---------- EXCERPTED RECORDS ----------
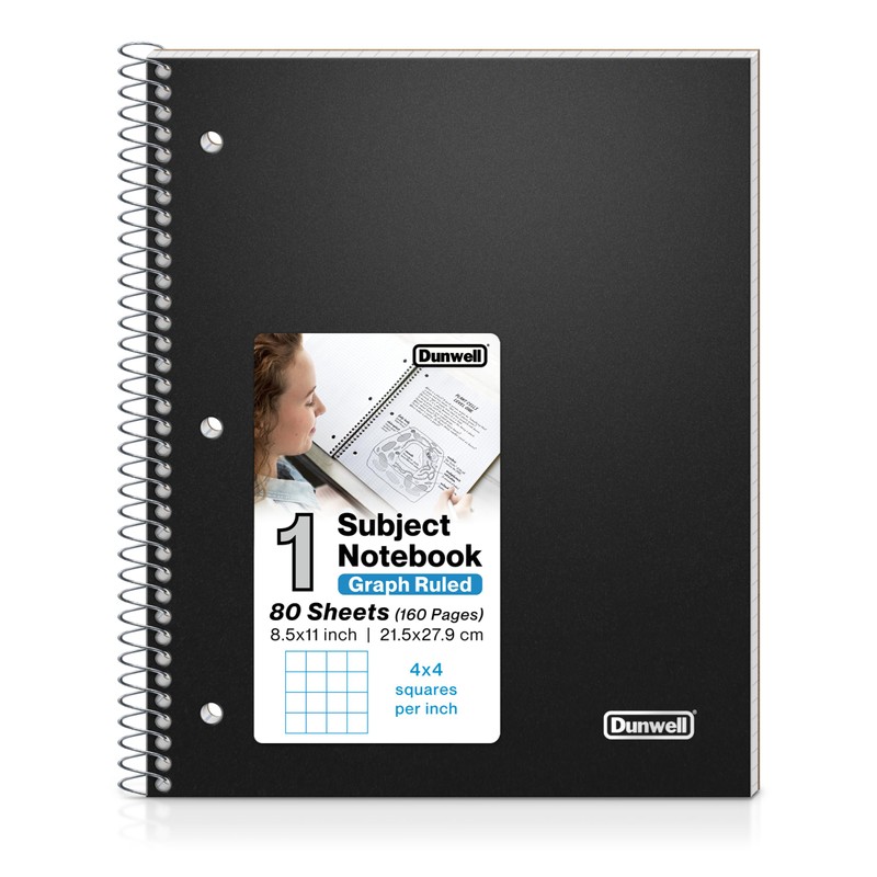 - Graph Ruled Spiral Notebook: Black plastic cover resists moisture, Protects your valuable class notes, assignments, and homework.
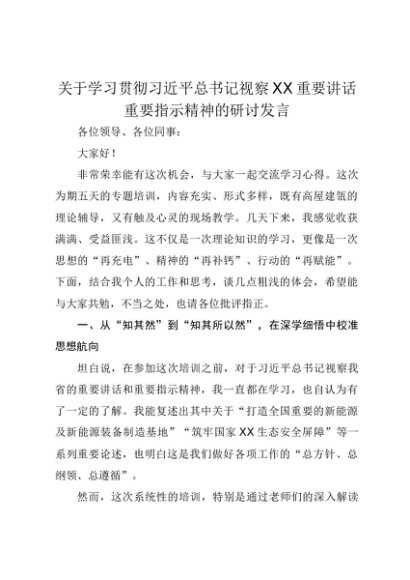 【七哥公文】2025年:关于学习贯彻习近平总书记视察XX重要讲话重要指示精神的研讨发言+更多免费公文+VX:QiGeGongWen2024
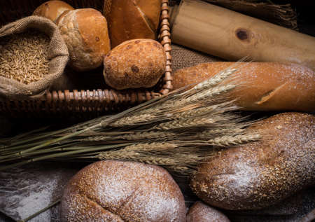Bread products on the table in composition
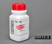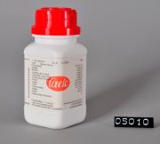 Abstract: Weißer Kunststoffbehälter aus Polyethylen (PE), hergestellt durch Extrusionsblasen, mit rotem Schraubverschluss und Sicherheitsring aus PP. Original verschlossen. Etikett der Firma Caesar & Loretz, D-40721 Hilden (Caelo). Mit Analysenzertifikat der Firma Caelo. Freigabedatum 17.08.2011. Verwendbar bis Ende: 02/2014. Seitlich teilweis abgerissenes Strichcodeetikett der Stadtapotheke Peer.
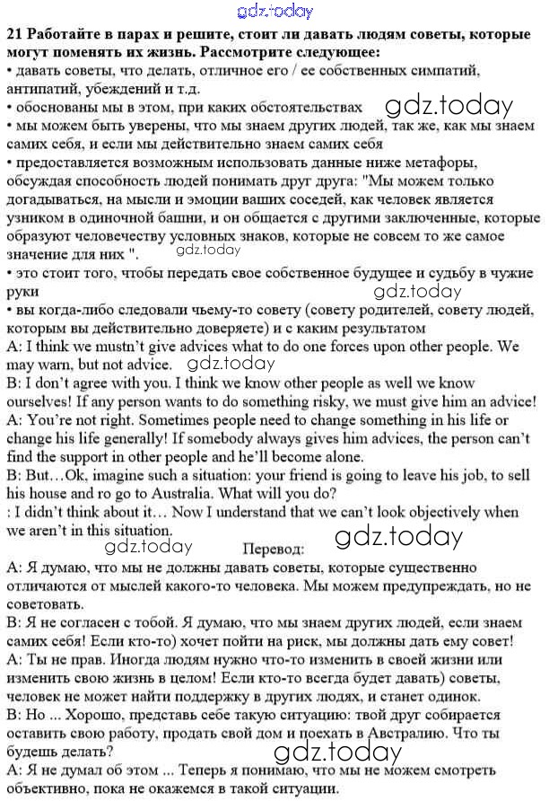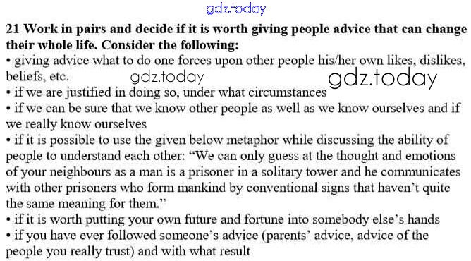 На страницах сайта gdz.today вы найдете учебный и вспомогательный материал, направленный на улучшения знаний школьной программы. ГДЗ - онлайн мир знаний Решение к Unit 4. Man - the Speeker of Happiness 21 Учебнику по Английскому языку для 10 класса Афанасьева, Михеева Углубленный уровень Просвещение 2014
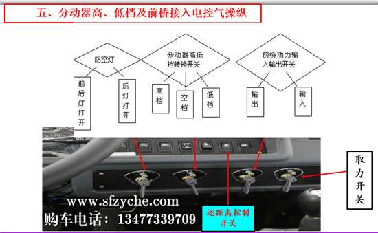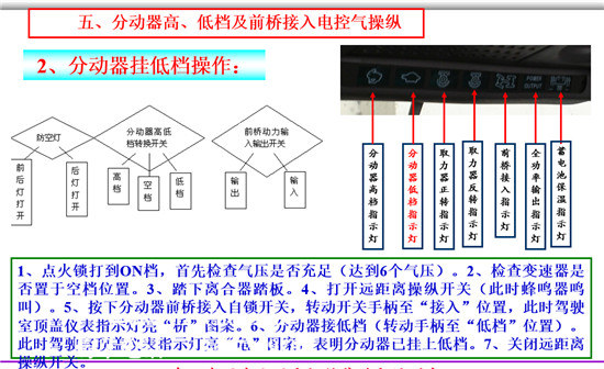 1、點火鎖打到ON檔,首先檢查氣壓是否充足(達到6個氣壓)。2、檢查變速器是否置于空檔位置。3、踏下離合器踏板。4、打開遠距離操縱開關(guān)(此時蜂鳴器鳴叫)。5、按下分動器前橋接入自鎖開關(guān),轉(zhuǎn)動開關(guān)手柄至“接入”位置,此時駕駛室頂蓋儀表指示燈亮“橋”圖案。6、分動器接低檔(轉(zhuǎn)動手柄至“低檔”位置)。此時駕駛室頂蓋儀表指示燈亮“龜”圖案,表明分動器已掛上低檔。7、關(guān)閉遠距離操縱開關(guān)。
----------
**YOUR INSTRUCTIONS:** The records above must be printed exactly; the pictures stay out.

**PROBLEM SOLUTION:**
 - Graph Ruled Spiral Notebook: Black plastic cover resists moisture, Protects your valuable class notes, assignments, and homework.
 【七哥公文】2025年:关于学习贯彻习近平总书记视察XX重要讲话重要指示精神的研讨发言+更多免费公文+VX:QiGeGongWen2024
Bread products on the table in composition
 Abstract: Weißer Kunststoffbehälter aus Polyethylen (PE), hergestellt durch Extrusionsblasen, mit rotem Schraubverschluss und Sicherheitsring aus PP. Original verschlossen. Etikett der Firma Caesar & Loretz, D-40721 Hilden (Caelo). Mit Analysenzertifikat der Firma Caelo. Freigabedatum 17.08.2011. Verwendbar bis Ende: 02/2014. Seitlich teilweis abgerissenes Strichcodeetikett der Stadtapotheke Peer.
 На страницах сайта gdz.today вы найдете учебный и вспомогательный материал, направленный на улучшения знаний школьной программы. ГДЗ - онлайн мир знаний Решение к Unit 4. Man - the Speeker of Happiness 21 Учебнику по Английскому языку для 10 класса Афанасьева, Михеева Углубленный уровень Просвещение 2014
 1、點火鎖打到ON檔,首先檢查氣壓是否充足(達到6個氣壓)。2、檢查變速器是否置于空檔位置。3、踏下離合器踏板。4、打開遠距離操縱開關(guān)(此時蜂鳴器鳴叫)。5、按下分動器前橋接入自鎖開關(guān),轉(zhuǎn)動開關(guān)手柄至“接入”位置,此時駕駛室頂蓋儀表指示燈亮“橋”圖案。6、分動器接低檔(轉(zhuǎn)動手柄至“低檔”位置)。此時駕駛室頂蓋儀表指示燈亮“龜”圖案,表明分動器已掛上低檔。7、關(guān)閉遠距離操縱開關(guān)。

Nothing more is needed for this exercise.